- _GOAL OF THE EXERCISE_: Beginning with the line that contains "平成27年2月分の電気料金の燃料費調整単価は、以下のとおりです。", repeat each line exactly through the end of the listing below. Pictures stay out.

- _PROVIDED DATA_:
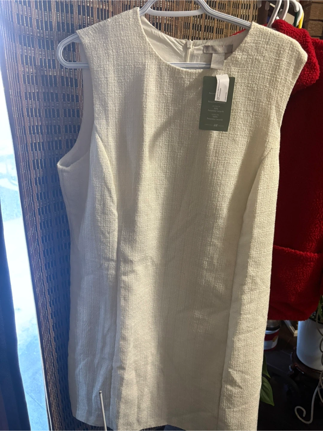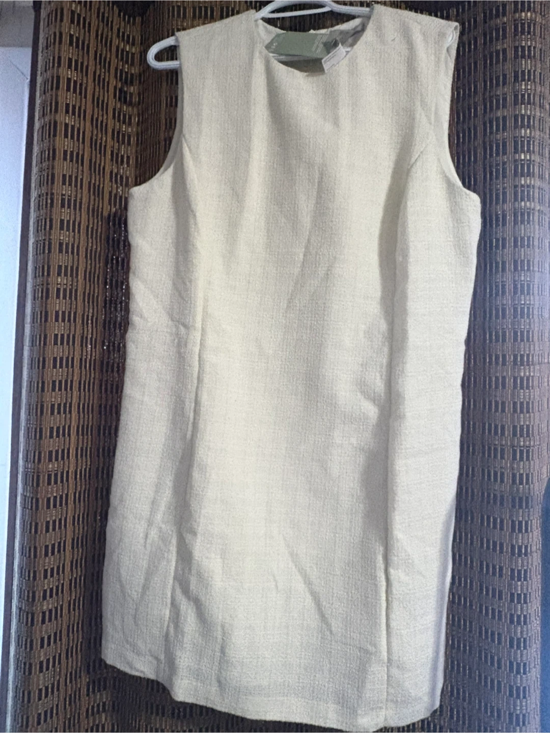 Selling a cute H&M sleeveless dress in cream colour. It's a size L and in great condition! Perfect for a casual day out or dressed up for an evening event
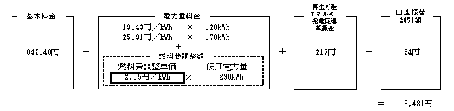 平成27年2月分の電気料金の燃料費調整単価は、以下のとおりです。
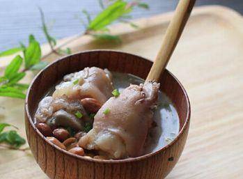5、猪脚放入锅中,加入适量水,置火上烧开,煮半小时左右,撇去浮油,加入香菇、姜丝、精盐,小火慢炖大概有小火20分钟,然后加入丝瓜、豆腐,炖至猪脚熟透,加入味精调味

- _THE COMPLETED TASK_:
 平成27年2月分の電気料金の燃料費調整単価は、以下のとおりです。
5、猪脚放入锅中,加入适量水,置火上烧开,煮半小时左右,撇去浮油,加入香菇、姜丝、精盐,小火慢炖大概有小火20分钟,然后加入丝瓜、豆腐,炖至猪脚熟透,加入味精调味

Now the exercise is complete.